Getting things done while working from home


Many of us have been working from home for a long time and it looks like it’s not going to change any time soon.

How has it been for you?

Based on the input I get in my courses, some people find themselves to be more efficient since they are working from home, but others are struggling….

The struggling is mostly linked to the changed circumstances.

  • Some have to home school and/or take care of small children: it’s almost impossible to be as effective as before…
  • Others are worrying about loved ones, suffering from Covid, or in the worst case, even mourning them.
  • Many complain that they can’t get anything done (often people managers) because they have to be ‘available’ all the time and therefore they are constantly interrupted.
  • I also hear that the constant stress and the lack of perspective is starting to take its toll.

Besides, the mere fact of being at home could be distracting: there are so many other things to do…

If you are struggling, my first advice to you would be to take good care of yourself (oxygen mask first!) and to go back to previous articles I wrote.

I have already talked about Stress management in times of a crisis (in March) and I shared my Lessons from Lockdown (July). While these are still valid (do check them below), today I would like to focus on efficiency.

Please find below 10 tips:

  1. No endless to-do lists

Endless to-do lists are not inspiring. Often you get only half (or less) of it done and because of that you feel frustrated at the end of the day. It’s better to only have 3 ‘must do’ items on the list. I try to come up with 3 for the week and then each day 3 for that day. Of course, I will also do other things but … the 3 planned items are a must.

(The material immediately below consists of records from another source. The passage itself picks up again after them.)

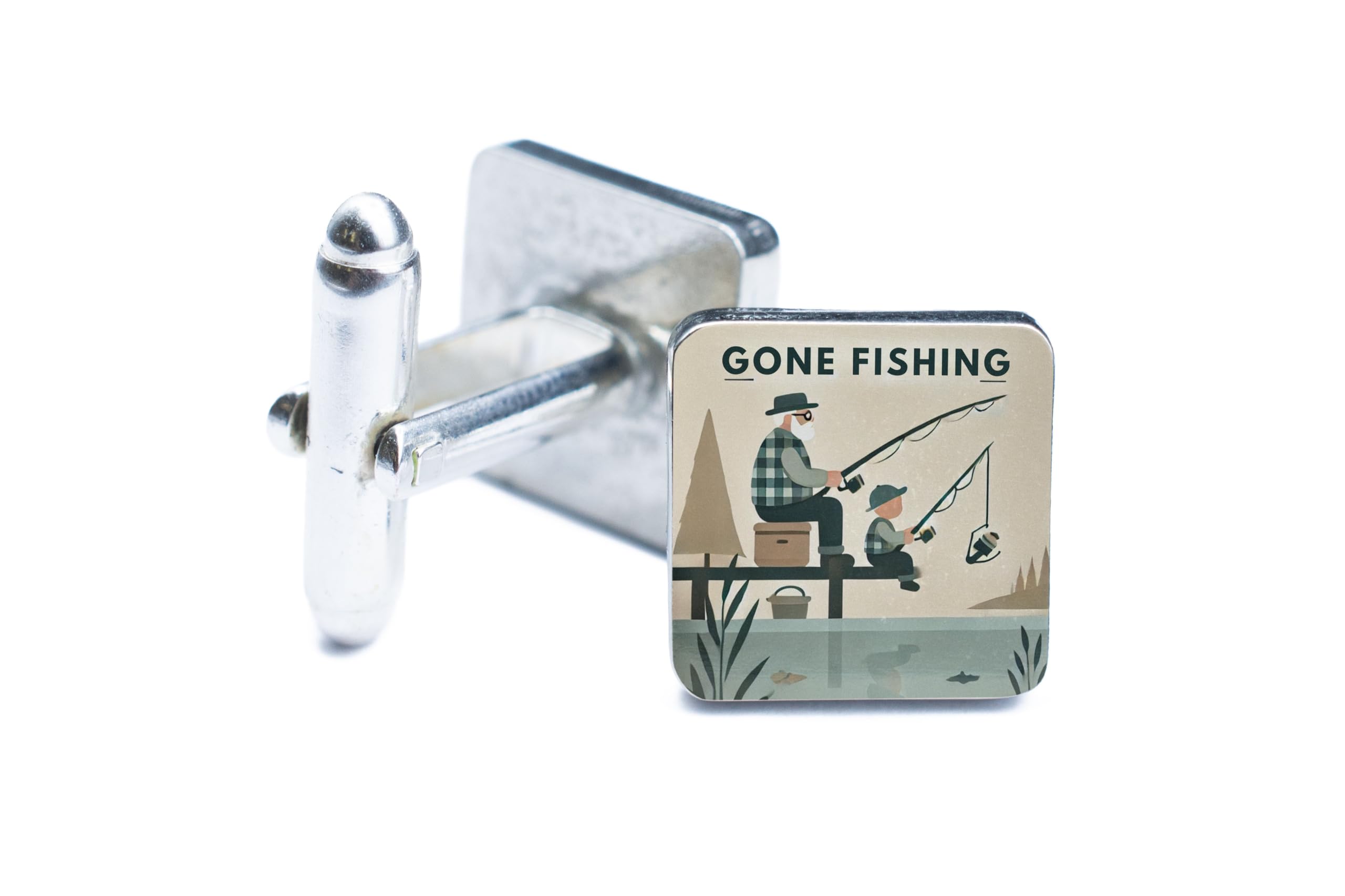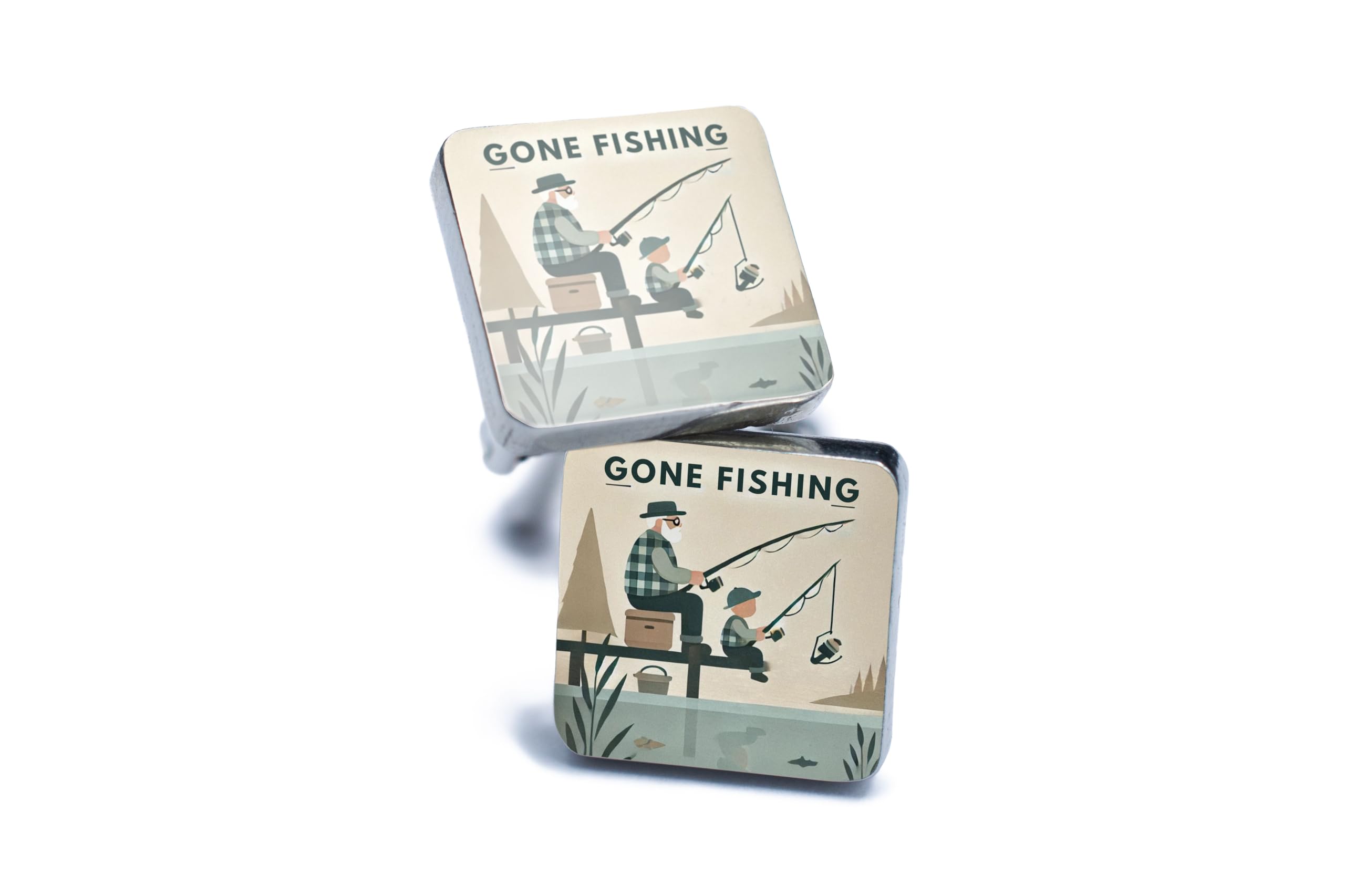 Add a touch of charm and personality to your outfit with these beautifully designed "Gone Fishing" cufflinks. Perfect for fishermen and outdoor enthusiasts, these cufflinks feature a nostalgic illustration of a fishing scene, making them an ideal accessory for casual or formal occasions. Crafted with high-quality metal and a polished finish, they are durable and stylish. Packaged in an elegant gift box, they make a thoughtful gift for Father's Day, birthdays, weddings, or any special occasion.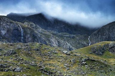 Keywords: mountains nature landscape travel sky view outdoor summer adventure green hiking rock environment mist fog tranquil climbing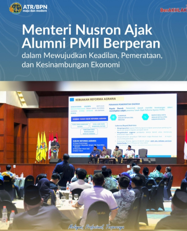 Ia mengungkapkan, dari total 55,9 juta hektare tanah yang telah terpetakan dan bersertipikat, saat ini terdapat 1,4 juta hektare tanah telantar yang tercatat sebagai Tanah Objek Reforma Agraria (TORA). Tanah tersebut dapat dimanfaatkan oleh siapapun yang memiliki kepentingan untuk masyarakat, termasuk alumni PMII, baik untuk kepentingan pendidikan maupun pemberdayaan ekonomi umat. “Prinsipnya kami terbuka, sekarang ini ada potensi luar biasa berupa tanah. Daripada tidak dimanfaatkan, ayo kita manfaatkan,” tutur Menteri Nusron.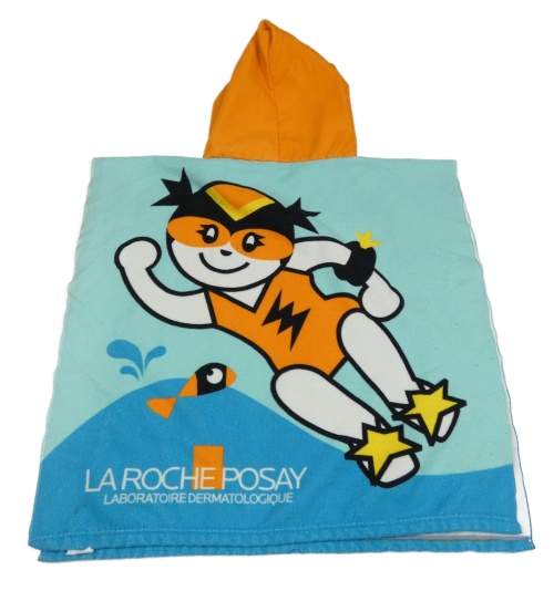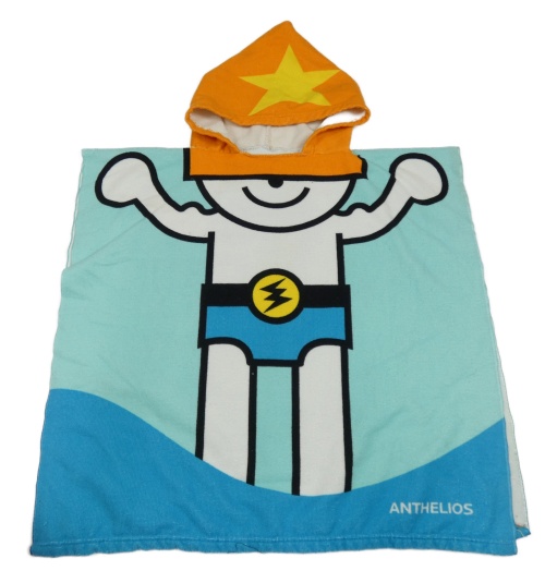 Modro-oranžové froté osuškové pončo s panáčkem a kapucí

  1. Make sure to also put something ‘important’ in the ‘musts’

… and not only ‘urgent’ things… Even if you can only spend 1 hour on it… this is the way to make sure the important also gets done and you will feel less frustrated.
Besides you do know the story about the vase and the rocks, right? (If not, let me know!)

  1. Start with the hard thing first or … ‘eat the frog’ (another one of those stories)

I agree that for many of us it’s a good thing to do hard things first and get them out of the way. However, if you function/focus better in the afternoon (for instance), it might be better to start your afternoon with it. It is always good to know at what time of the day you function best. The important thing is, make sure that also the hard things get done!

  1. Do not disturb

I am a big fan of helping yourself NOT to be distracted: no mail, no phone, close all the tabs you don’t need. Just do what you need to do. For some of you this is very scary, for a few of you this is almost impossible. But… why not start with 25 minutes? (Remember my article on the pomodoro technique?)

  1. Breaks

Going back to the pomodoro technique which I just mentioned, after every 25 minutes of focus, there is a 5-minute break. Why? Our brain cannot stay focused for too long. Now more than ever: being glued to the screen all day long, as well as being interrupted all the time is very tiring for our brain. So… take a break, and make sure it is away from the screen. If you need inspiration, go back to the articles I mentioned at the beginning of this one.

  1. Mono-tasking

We are all so proud that we can multitask (no, you can’t). Multi-tasking is ineffective and harmful. We need more time to complete a complex task, it exhausts us, it reduces our memory quality, it reduces our IQ… Need I go on?
Again (I know, I’m repeating myself), the pomodoro technique can help: how about working on one thing for one (or 2) session(s)?

  1. Batching

Have you heard of batching? You group similar tasks together and deal with them all in one go. For instance, I did already do some batch cooking: during the weekend, when I have more time I cook bigger portions so I have some meals ready for during the week (=more efficient!). Translating this to work: there are definitely things you can batch: replying to email. Making a series of phone calls. For me it could be writing articles or making videos. It is a way of monotasking. You will be more focused and waste less time. You still need breaks, though!

  1. Parkinson’s law

Have you heard of it? “Work expands so as to fill the time available for its completion”
What does it mean? If I have the whole day to do something, it might take all day… or if I have a week to do it… it will be spread out…
How to deal with it? Break down tasks and deadlines, set clear boundaries. The planning and prioritizing from above will also help.

  1. Take note

When you are in the middle of something, and you are thinking of something that also needs to be done. Don’t start doing it (because that would be an interruption and you might lose focus) but … take note. By writing it down, it will stop distracting you and … you can remain focused. It is recommended to have a system for these notes… Post-its tend to disappear, have you noticed?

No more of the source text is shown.